* _Given information_:
- Opening Delimiter -

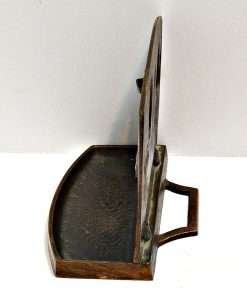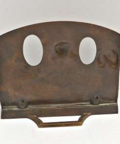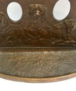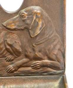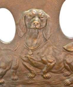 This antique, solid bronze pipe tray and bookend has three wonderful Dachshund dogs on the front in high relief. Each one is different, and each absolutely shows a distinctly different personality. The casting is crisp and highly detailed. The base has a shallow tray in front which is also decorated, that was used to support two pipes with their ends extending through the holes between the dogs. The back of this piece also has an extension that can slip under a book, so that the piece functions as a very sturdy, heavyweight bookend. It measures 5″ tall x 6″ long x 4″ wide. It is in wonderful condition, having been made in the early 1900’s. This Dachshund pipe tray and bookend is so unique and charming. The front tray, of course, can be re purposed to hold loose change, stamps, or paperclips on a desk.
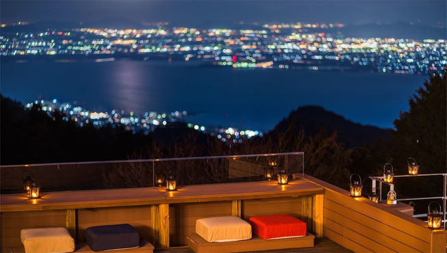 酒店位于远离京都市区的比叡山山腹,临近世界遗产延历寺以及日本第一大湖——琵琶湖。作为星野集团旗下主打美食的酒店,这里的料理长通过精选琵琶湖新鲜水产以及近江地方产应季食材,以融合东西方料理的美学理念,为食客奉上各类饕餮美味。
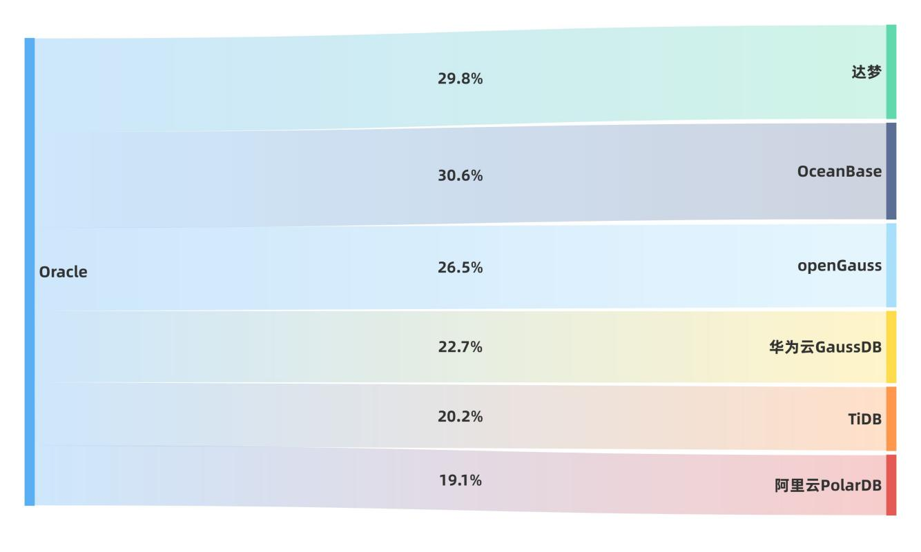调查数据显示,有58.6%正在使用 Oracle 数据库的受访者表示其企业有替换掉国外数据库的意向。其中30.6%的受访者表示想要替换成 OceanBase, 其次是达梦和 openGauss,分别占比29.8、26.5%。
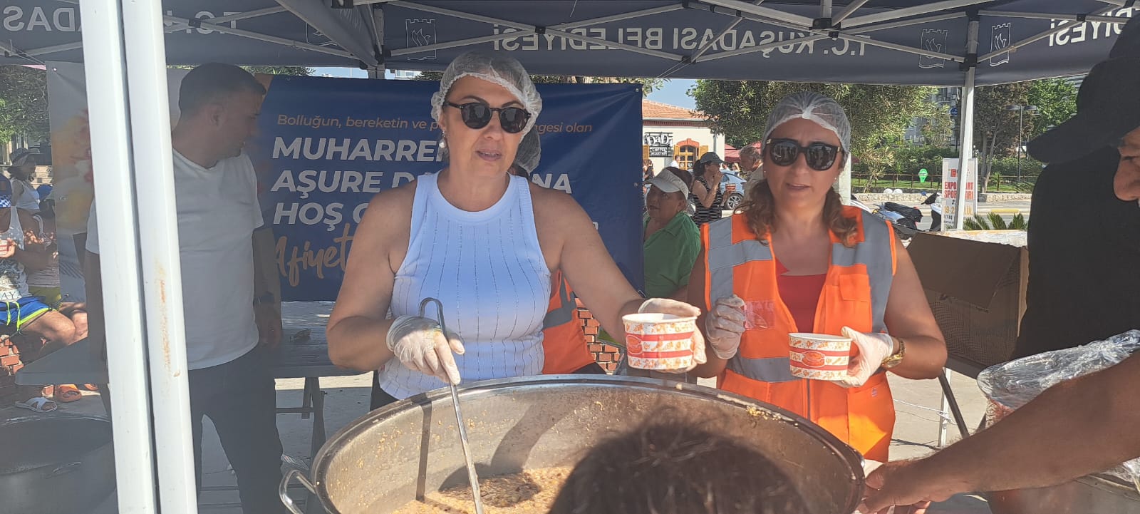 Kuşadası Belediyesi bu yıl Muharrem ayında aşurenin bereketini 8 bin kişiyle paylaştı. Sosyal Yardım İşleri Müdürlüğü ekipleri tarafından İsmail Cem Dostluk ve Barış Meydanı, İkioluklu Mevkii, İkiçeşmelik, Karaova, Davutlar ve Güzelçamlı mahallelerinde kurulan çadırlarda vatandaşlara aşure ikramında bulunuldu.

- Closing Delimiter -

* _Goal of the exercise_:
Reproduce the full listing faithfully, but do not carry over any pictures.

* _Answer for this exercise_:
 This antique, solid bronze pipe tray and bookend has three wonderful Dachshund dogs on the front in high relief. Each one is different, and each absolutely shows a distinctly different personality. The casting is crisp and highly detailed. The base has a shallow tray in front which is also decorated, that was used to support two pipes with their ends extending through the holes between the dogs. The back of this piece also has an extension that can slip under a book, so that the piece functions as a very sturdy, heavyweight bookend. It measures 5″ tall x 6″ long x 4″ wide. It is in wonderful condition, having been made in the early 1900’s. This Dachshund pipe tray and bookend is so unique and charming. The front tray, of course, can be re purposed to hold loose change, stamps, or paperclips on a desk.
 酒店位于远离京都市区的比叡山山腹,临近世界遗产延历寺以及日本第一大湖——琵琶湖。作为星野集团旗下主打美食的酒店,这里的料理长通过精选琵琶湖新鲜水产以及近江地方产应季食材,以融合东西方料理的美学理念,为食客奉上各类饕餮美味。
调查数据显示,有58.6%正在使用 Oracle 数据库的受访者表示其企业有替换掉国外数据库的意向。其中30.6%的受访者表示想要替换成 OceanBase, 其次是达梦和 openGauss,分别占比29.8、26.5%。
 Kuşadası Belediyesi bu yıl Muharrem ayında aşurenin bereketini 8 bin kişiyle paylaştı. Sosyal Yardım İşleri Müdürlüğü ekipleri tarafından İsmail Cem Dostluk ve Barış Meydanı, İkioluklu Mevkii, İkiçeşmelik, Karaova, Davutlar ve Güzelçamlı mahallelerinde kurulan çadırlarda vatandaşlara aşure ikramında bulunuldu.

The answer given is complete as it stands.